Daniels won All Conference honors as a collegiate sophomore and junior and despite knee surgery which limited him in his final year, served as captain of the NAIA National Championship team his senior season at Prairie View A&M. He served in the United States military following his college graduation and this gave his damaged knees much needed healing time. He then signed with the Dallas Texans as a free agent but was an underutilized return man and defensive back. In 1960 he logged but three punt returns and one rushing attempt, though he did have three interceptions. Obtained as a free agent by the Raiders prior to the 1961 season, he was tried at both linebacker and cornerback until the Raiders threw him into their running back mix but the 6’1”, 220 pounder had but thirty-one carries. He became more of a mainstay of the offense in ’62 as he tallied 786 rushing yards but it was the arrival of Davis that allowed Daniels to also “arrive.” Seeing his talent, the young coach set the strong, fast running back loose and he led the AFL in rushing.

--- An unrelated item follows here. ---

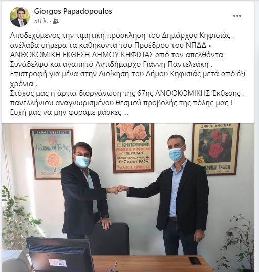 Αποδεχόμενος την τιμητική πρόσκληση του Δημάρχου Κηφισιάς , ανέλαβα σήμερα τα καθήκοντα του Προέδρου του ΝΠΔΔ « ΑΝΘΟΚΟΜΙΚΗ ΕΚΘΕΣΗ ΔΗΜΟΥ ΚΗΦΙΣΙΑΣ από τον απελθόντα Συνάδελφο και αγαπητό Αντιδήμαρχο Γιάννη Παντελεάκη . Επιστροφή για μένα στην Διοίκηση του Δήμου Κηφισιάς μετά από έξι χρόνια .

As the Sporting News AFL Player Of The Year he gained 1098 yards and though a powerhouse between the tackles, he could also fly with the best of them as a former 9.8/100 yard sprint man in college. Despite immediately establishing the Raiders as a passing team, Davis had found his rushing mainstay. The 1963 squad improved to 10-4 and Oakland maintained winning records every season except 1964 while Daniels was with the team. An excellent receiver, he was named to the AFL All Star Game from 1963 through ’66, was an AFL All Pro in 1963, ’65, and ’66, and managed to accumulate three consecutive 800-plus yard seasons following his 1000 yard breakthrough. Only a broken ankle mid-way through the 1967 season brought an end to Daniels’ dominance and he completed his career in ’68 across the Bay with the NFL Forty Niners.


Clem Daniels stood out, not only for his hard-charging running style, but for his distinctive Raiders helmet. As the team switched from their non-descript black headgear to the iconic silver with Pirate logo, and the individual players updated their face masks, Daniels maintained his single bar mask. A gentleman on and off the field and typical of the era, in the off-season, Daniels held other jobs, teaching biology and health sciences in the Oakland high schools and serving as a Second Lieutenant in the Army Reserve. Often lost among the names of other Raider backs like Hubbard, van Eeghen, Banaszak, Allen, and Craig, Daniels has maintained a great legacy. When the merger with the NFL was completed he was the All Time Leading Rusher for the American Football League and was named to its All Time team. His Hall Of Fame memberships include the Prairie View Hall Of Fame, the Southwest Athletic Conference Hall Of Fame, the California Black Athletic Hall Of Fame, and Texas Football Hall Of Fame. He served his community well as a member of the State Youth Employment Task Force and worked for the Governor of California’s office as well as the Oakland City Board of Commissioners For Parks And Recreation. A prolific fund raiser for children’s causes, Daniels has remained a part of the Raiders as the proprietor of a popular lounge that has served as unofficial headquarters for the current crop of players and their many fans.  A true Oakland Raider star, Clemon Daniels and his furious runs remain an inspiration.